The reply is a verbatim copy of the listing below with its images dropped.

━━━━━━

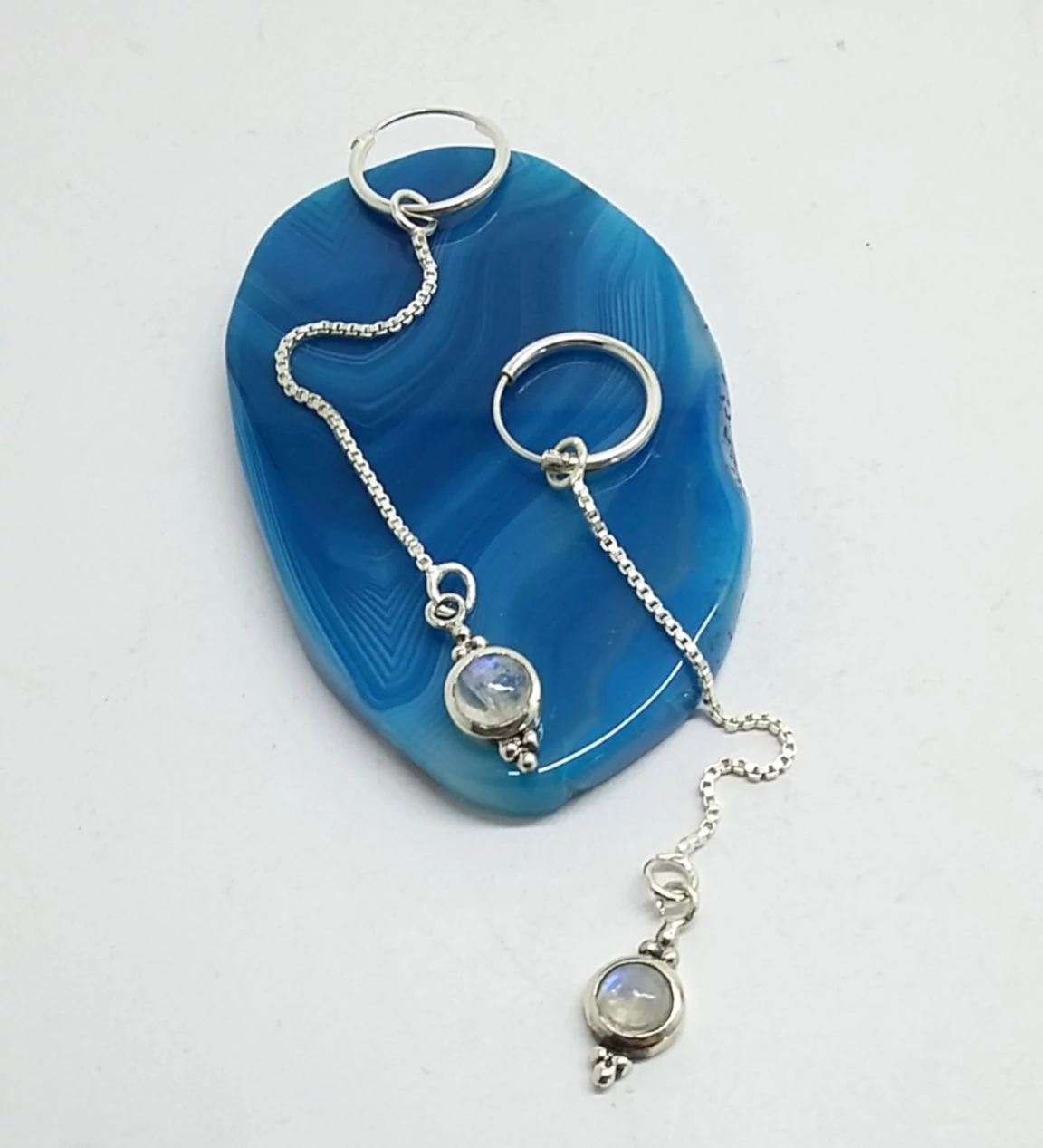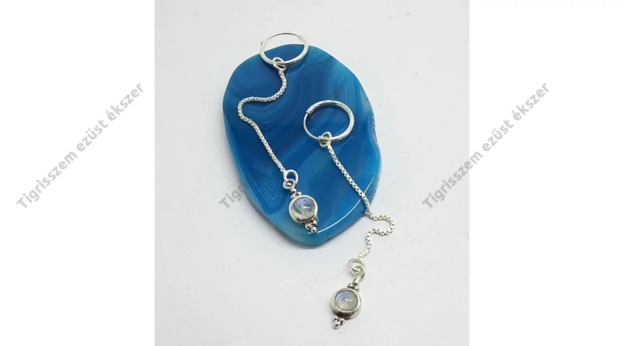 Ezüst női fülbevaló holdkővel,láncos
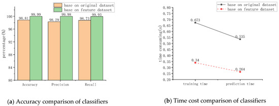 We take 80% of the samples in the original dataset and feature dataset as the training set and 20% as the test set, then train the decision tree classifier and test the performance of the classifier. The accuracy and time cost comparison of the two classifiers are shown in Figure 7, and the precision and recall rate of a single category are shown in Table 5 and Table 6. The results show that the feature dataset removes the interference features in the original data. The decision tree classifier trained with the feature dataset is more concise and efficient; the average precision of the classifier is 99.99%, the average recall rate is 99.98%, the training time is only 0.34 s, and the predicting time is only 0.264 s, outperforming the classifier trained by the original dataset.
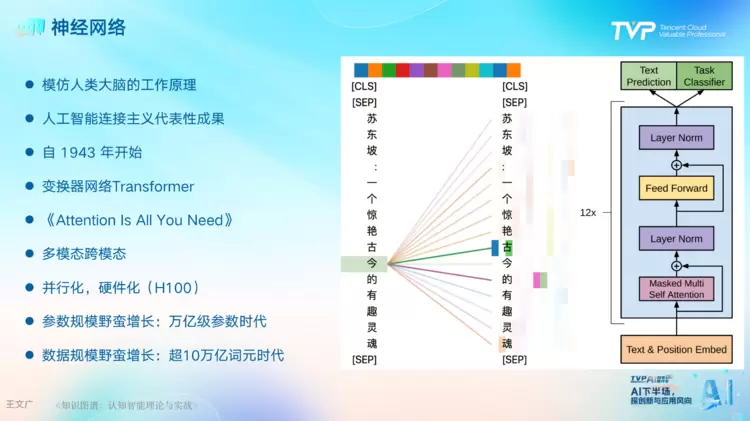 在《通用人工智能的现在与未来》主题演讲中,达观数据副总裁、腾讯云TVP 王文广首先追溯了从神经网络概念的最初提出,到如今这一技术在大模型上的延续。具体来说,目前大模型的发展主要呈现以下特点:
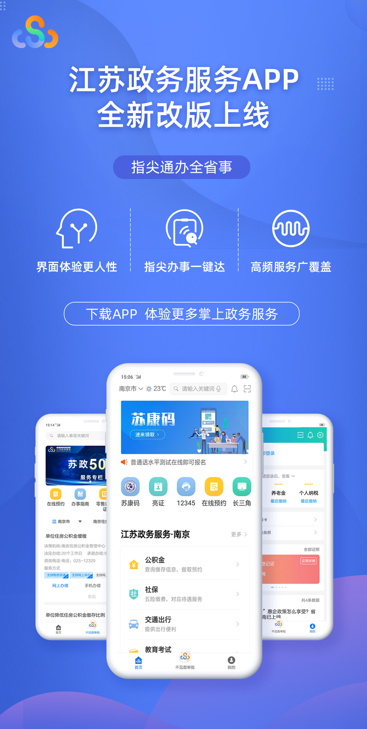 新版江蘇政務(wù)服務(wù)APP,在服務(wù)層級、界面內(nèi)容上做減法,使用戶更快觸達所在地政務(wù)服務(wù);優(yōu)化搜索功能,支持模糊搜索及精準定位,方便用戶快速查找;滾動展示服務(wù)資訊,增加個性化提醒,化被動服務(wù)為主動服務(wù);對現(xiàn)有2000余項應(yīng)用,按照使用頻次、業(yè)務(wù)覆蓋范圍等重新“排排坐”,突出展示重點、高頻應(yīng)用。
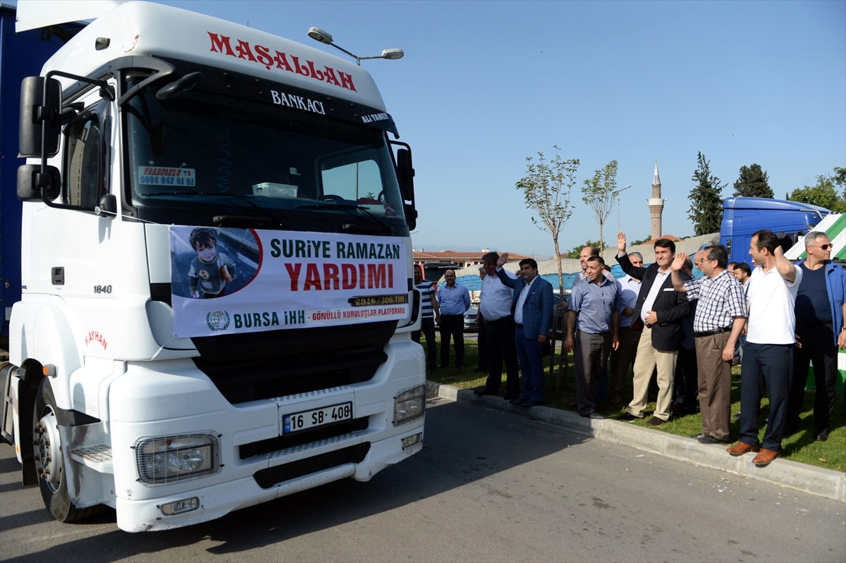 BURSA (AA) - Bursa'da, Osmangazi Belediyesi ve Bursa İHH İnsani Yardım Derneği tarafından Suriye'deki iç savaş mağdurları için hazırlanan 11 yardım tırı, bölgeye gönderildi.
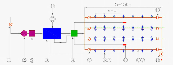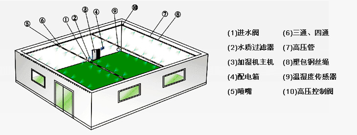 (1)進水閥 (2)水質過濾器 (3)加濕機主機 (4)電腦多路濕控器 (5)高壓控制閥(電動或手動) (6)噴嘴 (7)高壓三通、四通 (8)高壓管 (9)塑包鋼絲繩 (10)溫濕度傳感器 (11)冷水機組(選配) (12)離子軟水機 (13)高壓單向閥 (14)高壓電動閥排污系統
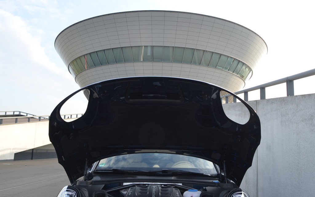 Pour une meilleure fluidité de l'air, les ingénieurs ne voulaient pas de séparation sur la partie supérieure du capot. On retrouve donc un capot à la MINI. Les phares restent fixes. Ce capot est une véritable oeuvre d'art d'ingénierie... qui coûtera une fortune à remplacer lors d'un impact avant.

━━━━━━

→ **RESPONSE FOR THIS EXERCISE**:
 Ezüst női fülbevaló holdkővel,láncos
 We take 80% of the samples in the original dataset and feature dataset as the training set and 20% as the test set, then train the decision tree classifier and test the performance of the classifier. The accuracy and time cost comparison of the two classifiers are shown in Figure 7, and the precision and recall rate of a single category are shown in Table 5 and Table 6. The results show that the feature dataset removes the interference features in the original data. The decision tree classifier trained with the feature dataset is more concise and efficient; the average precision of the classifier is 99.99%, the average recall rate is 99.98%, the training time is only 0.34 s, and the predicting time is only 0.264 s, outperforming the classifier trained by the original dataset.
 在《通用人工智能的现在与未来》主题演讲中,达观数据副总裁、腾讯云TVP 王文广首先追溯了从神经网络概念的最初提出,到如今这一技术在大模型上的延续。具体来说,目前大模型的发展主要呈现以下特点:
 新版江蘇政務(wù)服務(wù)APP,在服務(wù)層級、界面內(nèi)容上做減法,使用戶更快觸達所在地政務(wù)服務(wù);優(yōu)化搜索功能,支持模糊搜索及精準定位,方便用戶快速查找;滾動展示服務(wù)資訊,增加個性化提醒,化被動服務(wù)為主動服務(wù);對現(xiàn)有2000余項應(yīng)用,按照使用頻次、業(yè)務(wù)覆蓋范圍等重新“排排坐”,突出展示重點、高頻應(yīng)用。
 BURSA (AA) - Bursa'da, Osmangazi Belediyesi ve Bursa İHH İnsani Yardım Derneği tarafından Suriye'deki iç savaş mağdurları için hazırlanan 11 yardım tırı, bölgeye gönderildi.
 (1)進水閥 (2)水質過濾器 (3)加濕機主機 (4)電腦多路濕控器 (5)高壓控制閥(電動或手動) (6)噴嘴 (7)高壓三通、四通 (8)高壓管 (9)塑包鋼絲繩 (10)溫濕度傳感器 (11)冷水機組(選配) (12)離子軟水機 (13)高壓單向閥 (14)高壓電動閥排污系統
 Pour une meilleure fluidité de l'air, les ingénieurs ne voulaient pas de séparation sur la partie supérieure du capot. On retrouve donc un capot à la MINI. Les phares restent fixes. Ce capot est une véritable oeuvre d'art d'ingénierie... qui coûtera une fortune à remplacer lors d'un impact avant.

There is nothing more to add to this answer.